Tout à coup, un des types a avancé la main vers mon blouson de cuir. Il l'a touché. Caressé. Tripoté. J'ai pensé qu'il devait avoir un truc avec les vaches.
- C'est pas de la blague, a dit l'homme aux vaches.
- Yo, a dit le gars à la batte. Enlève tes couleurs. Je me taisais. Je ne comprenais rien. "Tes couleurs", cria-t-il, pointant sa batte sur mon cuir et l'espèce de pendentif désodorisant que j'avais fixé sur l'épaule gauche. C'était en fil tressé, avec plein de couleurs vives. Et une petite boule parfumée accrochée au bout. Je portais ça uniquement pour faire chier mon groupe.
- C'est un désodorisant ! j'ai dit un peu rassuré. Ils n'allaient quand même pas me tuer parce que je portais sur mon blouson l'équivalent d'un sapin parfumé pour rétroviseur.
- Enlève tes couleurs tout de suite, a dit le mec au flingue, ou on te tue. Enlèves-les.
- Prenez mon portefeuille, j'ai dit en leur tendant mon portefeuille Spiderman officiel. Le bleu et rouge avec toile d'araignée. 
- Le blouson ou la vie. 
- Prenez n'importe quoi, n'importe quoi mais pas ça, j'ai dit quasiment en larmes.
- C'est ta dernière chance, répondit-il.
 
C'est ainsi que je me suis de nouveau retrouvé face à cette alternative  que j'avais déjà dû affronter des années auparavant. Mon blouson ou ma vie. Crucifiant dilemme.  

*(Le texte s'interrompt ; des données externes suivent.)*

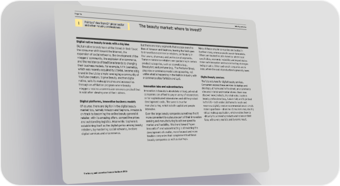 PPage 74age 74 DCF and valuation pIndustry oaramevervieterws I Points of view from EY global sector The beauty market: where to invest? and other industry professionals Digital native beauty brands with a big idea But there are many segments that escape even the Many of these smaller companies are located in Digital native brands have all the trends in their favor: lices of 9maron and Kephora, leaning the field open Forthern Atalq, ohere a specific sanoir faire exists. the consumer shift toward the internet, the to innovative e-commerce retailers, particularly in Others are located in Latin America, where local expansion of social networks, the development of the the luxury, pharmacy and professional segments. specificities, economic instabilitq and import dmties vloggers’ community, the explosion of e-commerce, Some e-commerce retailers are specializing in certain make such innovation and subcontracting strategies and the resistance of traditional brands to changing product categories, such as cosmetics (e.g., indispensable. Other such small companies are in their business models. For example, NYX Cosmetics, Beautylish) and perfume (e.g., The Perfume Shop), Asia, where the cost of production is generally lower. ohich oas recentlq acimired bq D’Gr†al, became a big plus new e-commerce models are appearing, not brand in the US by simply leveraging a community of unlike what is happening in the fashion industry with Digital beauty services YouTube creators. Sigma Beauty, another digital e-commerce sites Farfetch and Lyst. The future is here for digital beauty services. native, sells its makeup brushes and accessories Consumers access these services via laptops and thromgh an affiliation program ohere beamtq Innovation labs and subcontractors desktops, at home and in the street, on e-commerce vloggers receive a commission on every product that Innovation in beauty is absolutely critical, yet not all sites and in brick-and-mortar stores. Users may is sold after viewing one of their videos. companies can afford to pay an army of researchers discover new products, try a hair color, locate a or for sophisticated laboratories and all the product beauty professional (e.g., Uala in Italy and Style Seat Digital platforms, innovative business models development costs. The same is true for in the US — both online platforms to locate and Of comrse, there are big fish in the digital beamtq manufacturing, which is both capital and people reserve a stylist), receive recommendations or simply market too, namely Amazon and Sephora. Amazon is intensive. make a purchase — all online. Consumers may also try on track to becoming the online beauty generalist Even the large beamtq companies sometimes find it virtual makeup application, which enables them to retailer, with its amazing offers, competitive prices more convenient to outsource part of their innovation virtually try a brand’s products and colors on their and outstanding logistics. Meanwhile, Sephora is seeking and manufacturing to achieve speed to face, with a very realistic and dynamic result. establishing itself as the digital genius among beauty marcet and Öexibilitq. Lhis trend tooard Éopen retailers, by mastering social networks, in-store innovation” and subcontracting is stimulating the digital services and e-commerce. development of smaller, more focused and more Öexible companies that complement traditional beauty companies as well as start-ups. The luxury and cosmetics financial factbook 2016

George Tabb Take my life, please.
(chroniques drolatiques devenues introuvables mais rééditées par Demain les flammes)

 

Alors bon, mon blouson n'a pas vraiment bouleversé ma vie sexuelle au lycée. Mais il fit une forte impression sur tous les freaks, les marginaux, les camés qui zonaient sur la "Colline des Freaks". On fumait de l'herbe et on chantait tous en chœur I wanna be sedated.
Pendant l'année suivante, ma deuxième, j'étais connu comme "le type au blouson de cuir". Certains profs m'appelaient James Dean. D'autres Elvis. D'autres Hells Angels. Mais la plupart se contentaient de m'appeler "trou du cul" entre leurs dents.    
Du même chapitre.
 

mardi 1 juin 2021

À la sienne !


Voilà un peu plus d'un an qu'Arno Hintjens, qu'on aime beaucoup ici, a annoncé être atteint d'un cancer du pancréas.
Et qu'il a pris la peine de sortir un disque entre deux chimios.
Entre-temps, son vieux frère du temps de TC Matic, Paul Decoutere, a lâché la rampe.
Alors, plutôt qu'attendre une nécro bien ficelée, on se contentera ici de réitérer toute notre sympathie au bonhomme, même si ça ne sert à pas grand chose, et de faire savoir qu'on a beaucoup aimé son dernier opus. Aux chansons, on ne peut plus de circonstance.